= James Allen Keast =

Australian ornithologist

James Allen Keast (15 November 1922 – 8 March 2009) was an Australian ornithologist, and Professor of Biology at Queen's University, Kingston, Ontario, Canada. Born in Turramurra, New South Wales, he performed war service 1941–1945 in New Guinea and New Britain. He earned his BSc (1950) and MSc (1952) degrees at the University of Sydney, going on to earn an MA (1954) and PhD (1955) from Harvard. He started the first natural history series on Australian television in 1958–1960. A long-time member and benefactor of the Royal Australasian Ornithologists Union (RAOU), he was elected a Fellow of the RAOU in 1960. Keast joined the faculty of Queen's in 1962, and in 1989 became a professor emeritus. In 1995 he was awarded the D.L. Serventy Medal for outstanding published work on birds in the Australasian region. As well as numerous scientific papers, he authored and edited several books.

Keast endowed a postgraduate student award - Birds Australia's (formerly Royal Australasian Ornithologists Union) Professor Allen Keast Research Award. At Queen's, the J. Allen Keast Lake Opinicon Undergraduate Research Fellowship provides funds for an undergraduate to carry out summer study at Queen's University Biological Station. The J. Allen Keast Field Biology International Exchange Fund assists exchanges of biologists between Queen's and universities in the southern hemisphere.

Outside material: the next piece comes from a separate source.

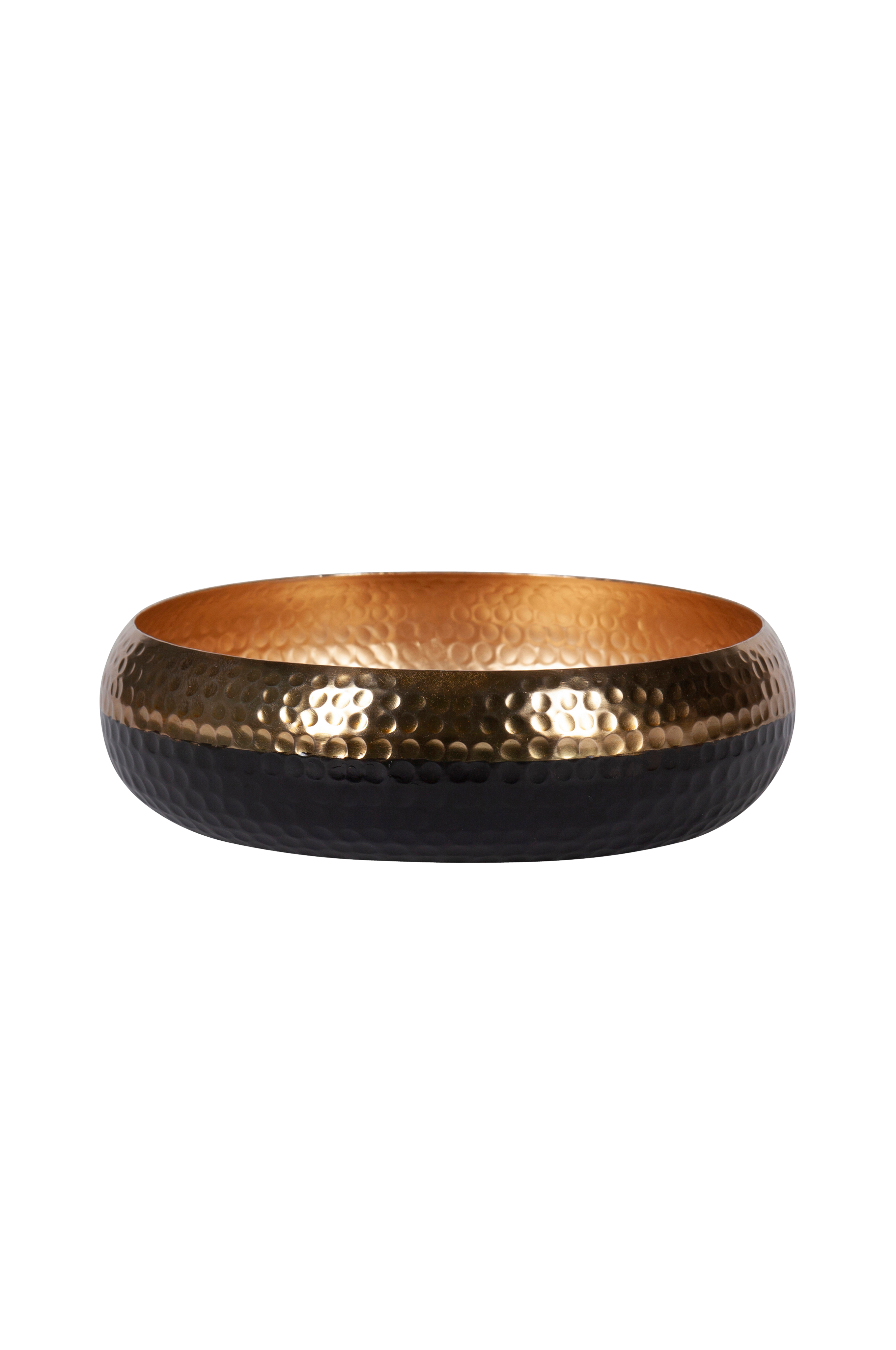 Rund skål i hamret i aluminium. Høyde 8 cm. Diameter 28 cm

The fictional city-state of Keastipol, on the coast of the Great Southern Continent of K.V. Johansen's children's novel Torrie and the Firebird, was named after Keast.

==Bibliography==

- Window to Bushland (1959)
- Bush Birds (1960)
- Australian Bird Songs (1964)
- Australian Bush Sounds (1966)
- Australia and the Pacific Islands: a natural history (1966)
- Ecological biogeography of Australia (ed.) (1981)
- Evolution, mammals, and southern continents (ed.) (1972)
- Bush birds of Australia (1973)
- Birds of Eucalypt Forests and Woodlands: Ecology, Conservation, Management (ed.) (1985)
- The origin and evolution of Pacific island biotas, New Guinea to eastern Polynesia : patterns and processes (ed.) (1996)
- Bird watcher to professional ecologist : a humorous career (2008)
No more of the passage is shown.